0
0
PyTorchml~5 mins

Gradient clipping in PyTorch

Choose your learning style9 modes available
Introduction

Gradient clipping helps keep the training stable by stopping very large updates to the model. It prevents the model from making big jumps that can cause errors.

When training deep neural networks that sometimes have very large gradients.
When the training loss suddenly becomes very large or unstable.
When using recurrent neural networks (RNNs) that can have exploding gradients.
When you want to keep training smooth and avoid the model weights from changing too much at once.
Syntax
PyTorch
torch.nn.utils.clip_grad_norm_(model.parameters(), max_norm)

# or

torch.nn.utils.clip_grad_value_(model.parameters(), clip_value)

clip_grad_norm_ limits the total size (norm) of all gradients combined.

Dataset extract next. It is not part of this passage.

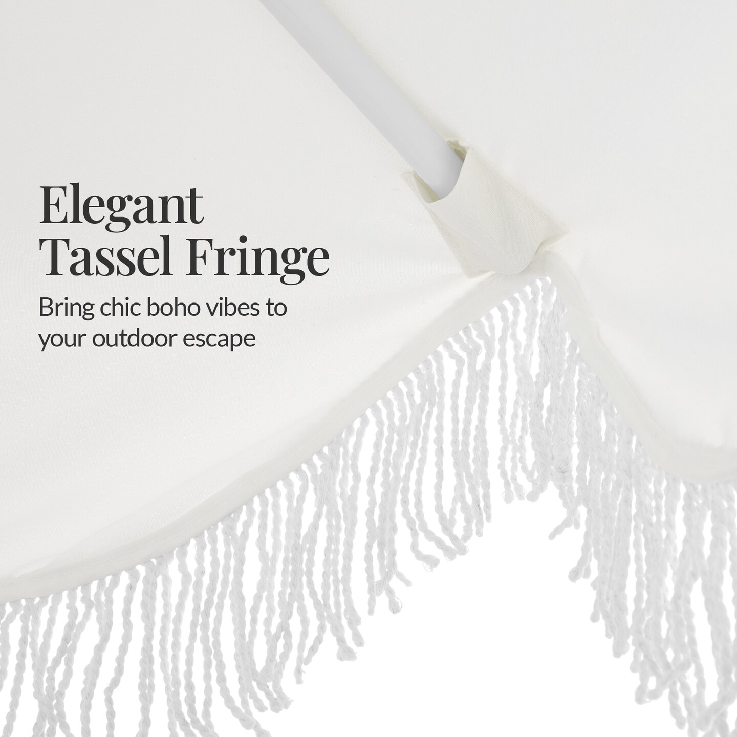 Best Choice 9ft Fringe Market Umbrella – Boho Patio Sunshade w/ Tilt, UPF50+, Steel Pole for Table, Pool, Deck

clip_grad_value_ limits each gradient value individually.

Examples
This clips the gradients so their total norm does not exceed 1.0.
PyTorch
torch.nn.utils.clip_grad_norm_(model.parameters(), max_norm=1.0)
This clips each gradient value to be between -0.5 and 0.5.
PyTorch
torch.nn.utils.clip_grad_value_(model.parameters(), clip_value=0.5)
Sample Model

This example shows how to clip gradients to a maximum norm of 1.0 during training. It prints the gradient norm before and after clipping to see the effect.

PyTorch
import torch
import torch.nn as nn
import torch.optim as optim

# Simple model
class SimpleNet(nn.Module):
    def __init__(self):
        super().__init__()
        self.linear = nn.Linear(2, 1)

    def forward(self, x):
        return self.linear(x)

# Create model, loss, optimizer
model = SimpleNet()
criterion = nn.MSELoss()
optimizer = optim.SGD(model.parameters(), lr=0.1)

# Dummy data
inputs = torch.tensor([[10.0, 20.0], [30.0, 40.0]])
targets = torch.tensor([[1.0], [2.0]])

# Forward pass
outputs = model(inputs)
loss = criterion(outputs, targets)

# Backward pass
loss.backward()

# Before clipping: print gradient norm
total_norm = 0
for p in model.parameters():
    if p.grad is not None:
        param_norm = p.grad.data.norm(2)
        total_norm += param_norm.item() ** 2
total_norm = total_norm ** 0.5
print(f"Gradient norm before clipping: {total_norm:.4f}")

# Clip gradients
torch.nn.utils.clip_grad_norm_(model.parameters(), max_norm=1.0)

# After clipping: print gradient norm
total_norm = 0
for p in model.parameters():
    if p.grad is not None:
        param_norm = p.grad.data.norm(2)
        total_norm += param_norm.item() ** 2
total_norm = total_norm ** 0.5
print(f"Gradient norm after clipping: {total_norm:.4f}")

# Optimizer step
optimizer.step()
OutputSuccess
Important Notes

Gradient clipping should be done after calling loss.backward() and before optimizer.step().

Clipping helps prevent the problem called 'exploding gradients' which can make training unstable.

Summary

Gradient clipping keeps training stable by limiting how big gradients can get.

Use clip_grad_norm_ to limit total gradient size or clip_grad_value_ to limit individual values.

Always clip gradients after backward pass and before optimizer step.